Subsequently, in the course of the history of Egypt, more and more links appear between Aten and the kings of Egypt. According to ancient Egyptian legends, it is the pharaoh who controls the Sun: it is the pharaoh who orders the Sun to rise and set at the same times as he does.

Yet, if Aten is so famous in our modern society, it is because Aten became the one and only god of ancient Egypt during a small period of history: that of the “heresy of Akhenaten.”

2) The Cult of Aten

You now have a glimpse of the divinity embodying the Sun. Now let us discover the history of the establishment of the cult that placed him in the position of single god of Egypt.

A) The god Amun

In order to understand how Aten became the unique god of Egypt, one must understand the story of the almost “almighty” god he replaced: the god Amun.

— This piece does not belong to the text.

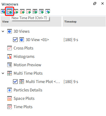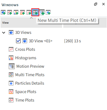 1. Similar to the Multi Time Plot, create a Time Plot by selecting New Time Plot from the Windows panel, or by using the shortcut Ctrl+T.

Amun was initially the god of the creation of life. According to Egyptian mythology, there was only the original Darkness and the original Ocean at the beginning of our world. Then, through the repeated contacts between the Darkness and the Ocean was born the god Atum, the god representing the breath of life. Immediately after this event, responding to the call of Atum (i.e. the call of life),  the two gods Ra and Amun were born by their own will.

The falcon-headed Sun god Ra creates the Earth, the stars, and the Universe by harmoniously mixing the original Darkness and the original Ocean. It is thus he who creates the Sun Aten which he then places like a crown on his head to illuminate the Universe, having known until then only the night.

The god Amun creates life by changing himself into a goose to lay an egg. Then, Amun changes himself into a snake to hatch and fertilize this egg. He thus creates the first animal, vegetable, and human life forms.

During the New Kingdom of Egypt’s period (the period of Egypt from 1550 to 1069 BC), the god Amun will become more and more important in Egyptian beliefs. Amun will gradually become known in his form of Amun-Ra, i.e. a form in which he becomes one with the hawk Sun god Ra. Under this form, Amun is therefore responsible for the creation of the “Universe” in addition to the creation of “life.”

It was during the reign of Akhenaten’s grandfather and father (respectively Thutmose IV and Amenhotep III) that Amun became a god truly more important than all the others.

However, Egypt did not fall into a form of monotheistic religion since, despite his importance, Amun did not replace the other gods and goddesses (the jackal Anubis remained the god of death, the ibis Thoth remained the god of knowledge, the cat Bastet remained the goddess of women and joy, Bes remained the dwarf god of the home . . .).